Minimum resource allocation (production):
| Component | CPU request | CPU limit | Memory request | Memory limit |
|---|---|---|---|---|
| memory-os pod | 500m | 2000m | 512Mi | 2Gi |
| ArangoDB DBServer | 4 vCPU | 8 vCPU | 16Gi | 32Gi |
| Redis | 250m | 500m | 256Mi | 512Mi |
| Milvus | 1000m | 2000m | 2Gi | 4Gi |
For ArangoDB storage and IOPS requirements, see docs/ARANGODB_INFRA_SPEC.md.
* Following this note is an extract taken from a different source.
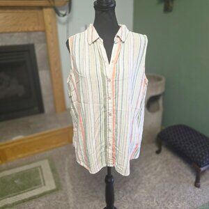 Croft & Barrow Multicolor Striped Sleeveless Button-Down Top – Size L

Community detection must be scheduled externally. Apply this manifest to the dromos-memory-os namespace:
apiVersion: batch/v1
kind: CronJob
metadata:
name: memory-os-analytics
namespace: dromos-memory-os
spec:
schedule: "0 3 * * *" # 03:00 UTC daily
jobTemplate:
spec:
template:
spec:
containers:
- name: trigger
image: curlimages/curl:latest
command:
- curl
- -X
- POST
- -H
- "X-API-Key: $(MEMORY_OS_API_KEY)"
- http://memory-os.dromos-memory-os.svc.cluster.local:8080/api/v1/admin/analytics/trigger
restartPolicy: OnFailureThe full OpenAPI v2 specification is at docs/api/openapi.json. To view interactively:
- Open Swagger Editor
- File → Import
docs/api/openapi.json
Or serve locally:
docker run -p 8081:8080 -e SWAGGER_JSON=/api/openapi.json \
-v $(pwd)/docs/api:/api swaggerapi/swagger-uiAthena MemOS — giving AI the gift of memory.